==== GIVEN INFORMATION ====
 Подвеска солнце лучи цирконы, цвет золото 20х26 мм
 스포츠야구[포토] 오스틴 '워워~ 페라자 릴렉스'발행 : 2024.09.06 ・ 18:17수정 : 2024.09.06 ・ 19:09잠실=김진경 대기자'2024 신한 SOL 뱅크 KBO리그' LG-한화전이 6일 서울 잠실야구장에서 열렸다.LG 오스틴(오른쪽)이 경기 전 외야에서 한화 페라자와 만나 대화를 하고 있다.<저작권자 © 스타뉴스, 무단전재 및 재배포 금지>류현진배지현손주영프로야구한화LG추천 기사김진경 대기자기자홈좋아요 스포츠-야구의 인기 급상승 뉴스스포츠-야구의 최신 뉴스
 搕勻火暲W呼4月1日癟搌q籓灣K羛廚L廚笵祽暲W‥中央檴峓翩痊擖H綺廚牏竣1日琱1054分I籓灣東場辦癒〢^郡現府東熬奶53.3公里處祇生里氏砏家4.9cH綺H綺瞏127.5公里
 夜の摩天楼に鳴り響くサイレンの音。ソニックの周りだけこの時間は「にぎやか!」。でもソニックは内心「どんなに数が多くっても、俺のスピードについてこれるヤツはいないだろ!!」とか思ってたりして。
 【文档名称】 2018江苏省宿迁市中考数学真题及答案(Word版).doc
====
==== GIVEN INFORMATION ====
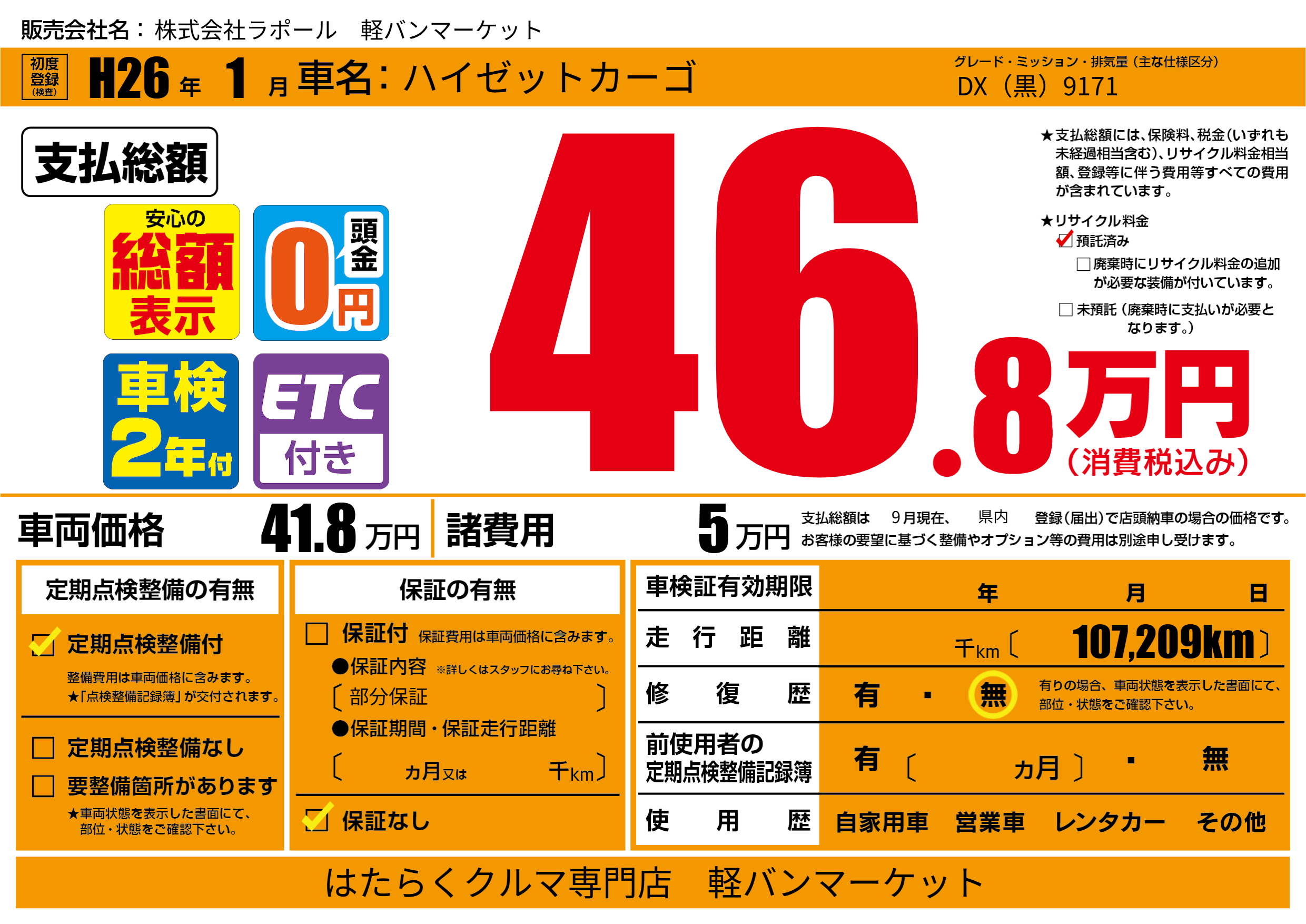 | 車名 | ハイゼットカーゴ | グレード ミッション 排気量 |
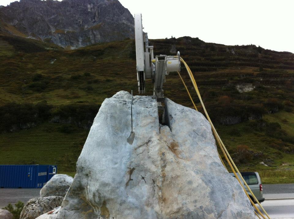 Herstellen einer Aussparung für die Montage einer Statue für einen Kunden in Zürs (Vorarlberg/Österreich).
====
==== GIVEN INFORMATION ====
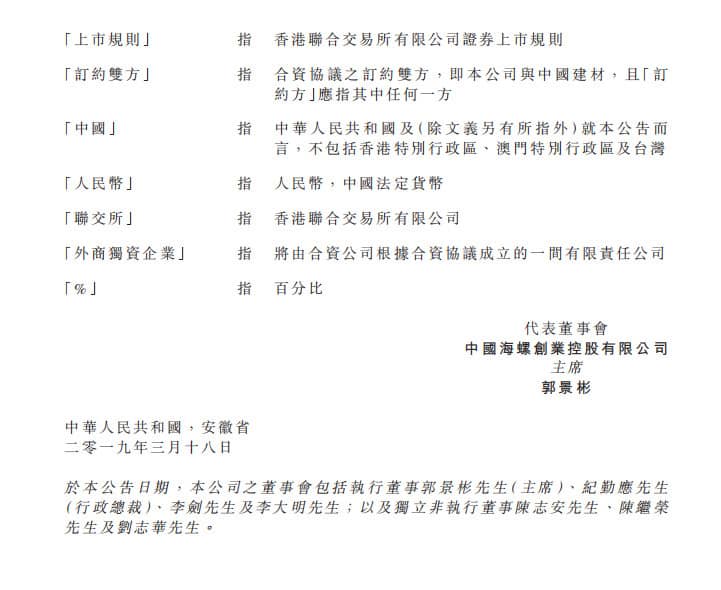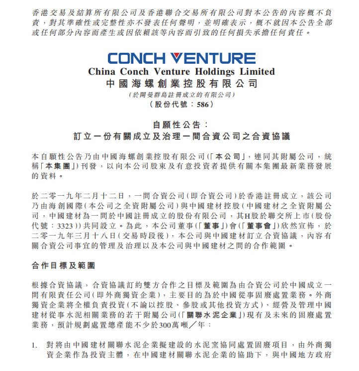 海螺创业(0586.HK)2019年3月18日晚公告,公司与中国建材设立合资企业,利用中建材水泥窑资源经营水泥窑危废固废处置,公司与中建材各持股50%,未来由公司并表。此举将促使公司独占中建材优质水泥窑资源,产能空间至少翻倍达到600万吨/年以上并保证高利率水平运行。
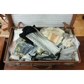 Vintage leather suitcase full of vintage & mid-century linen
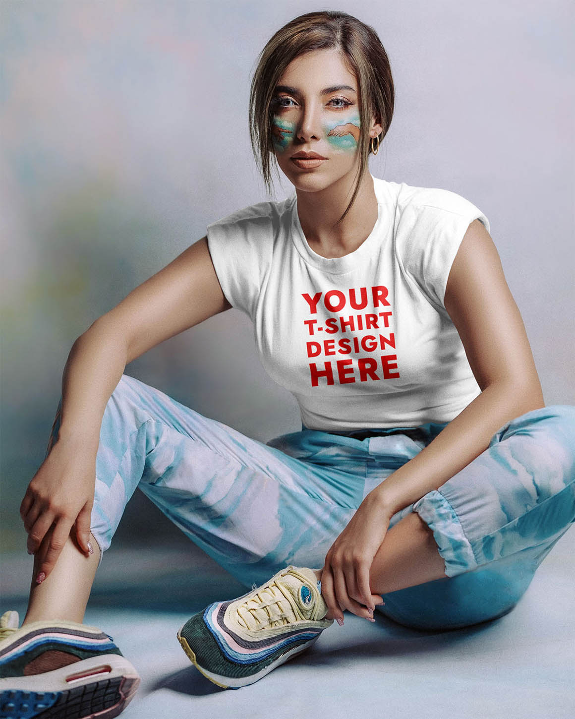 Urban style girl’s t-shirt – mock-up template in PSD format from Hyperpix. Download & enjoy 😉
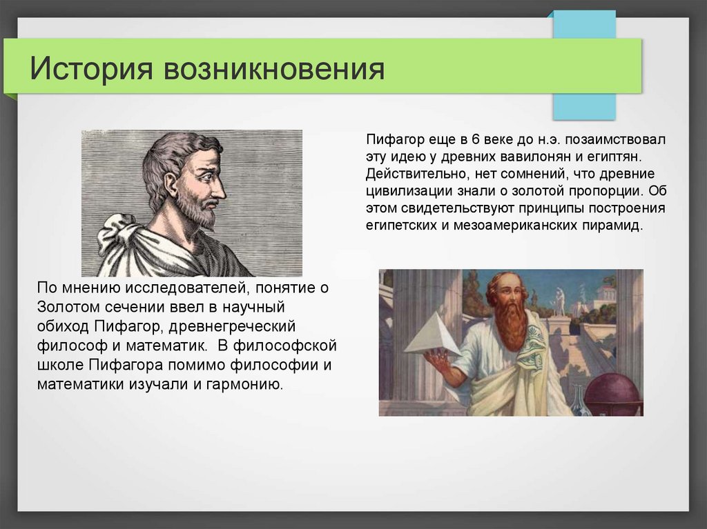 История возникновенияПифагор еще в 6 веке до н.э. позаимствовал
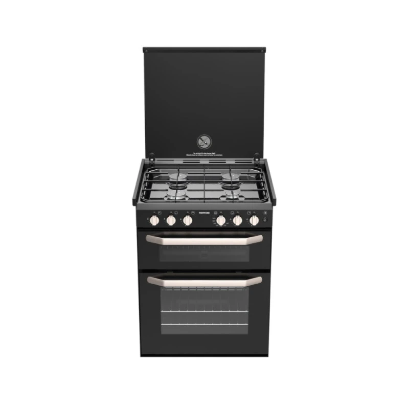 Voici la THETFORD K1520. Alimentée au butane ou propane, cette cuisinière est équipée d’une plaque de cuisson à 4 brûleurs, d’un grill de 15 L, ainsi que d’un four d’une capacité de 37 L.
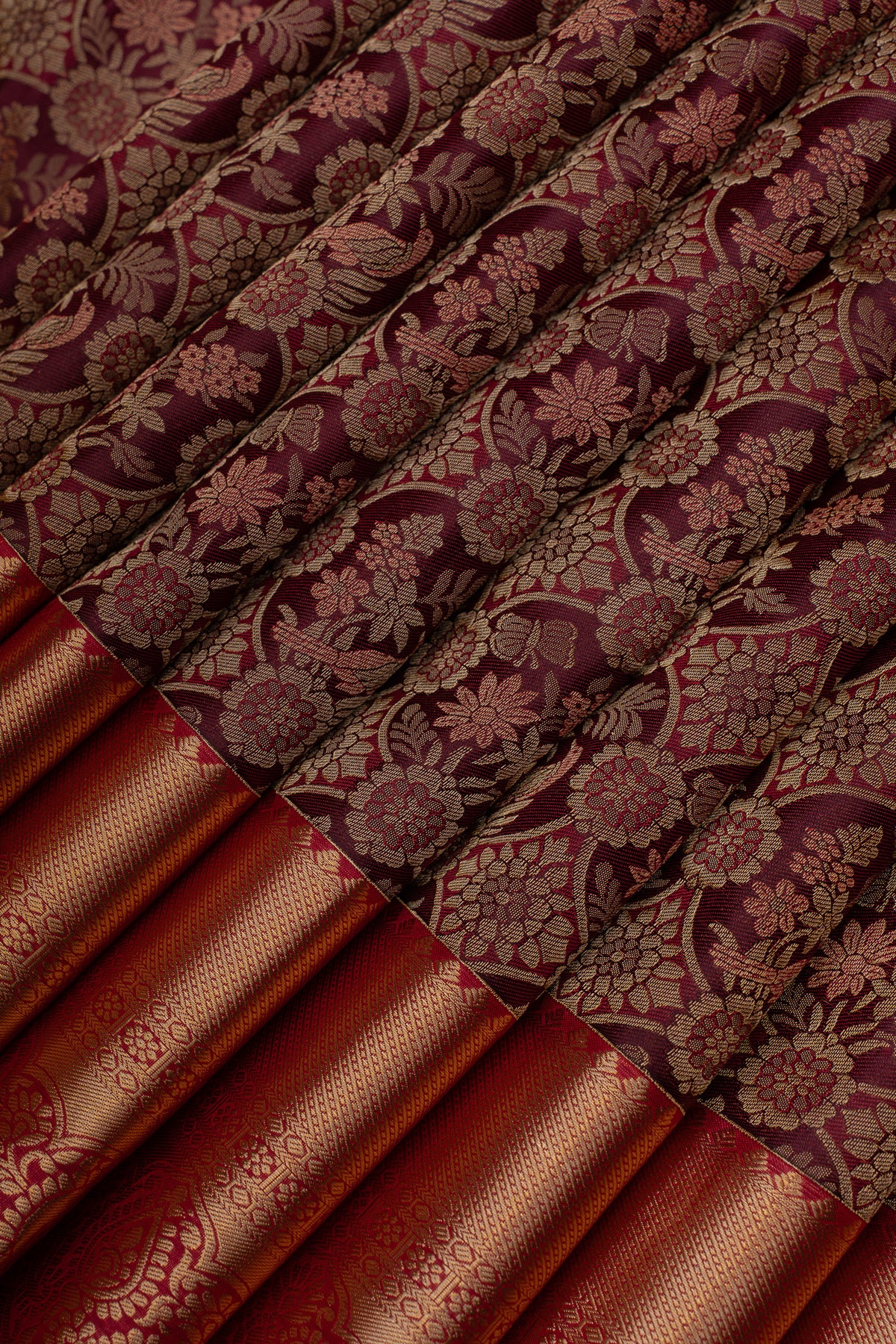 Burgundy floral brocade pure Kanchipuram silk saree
====
* [WHAT THIS TASK INVOLVES] Nothing but the lines from the one with "Vintage leather suitcase" to the one with "Burgundy floral brocade" above, both included, should be transcribed, exactly and without pictures.

* [ANSWER TO THE PROBLEM]
 Vintage leather suitcase full of vintage & mid-century linen
 Urban style girl’s t-shirt – mock-up template in PSD format from Hyperpix. Download & enjoy 😉
 История возникновенияПифагор еще в 6 веке до н.э. позаимствовал
 Voici la THETFORD K1520. Alimentée au butane ou propane, cette cuisinière est équipée d’une plaque de cuisson à 4 brûleurs, d’un grill de 15 L, ainsi que d’un four d’une capacité de 37 L.
 Burgundy floral brocade pure Kanchipuram silk saree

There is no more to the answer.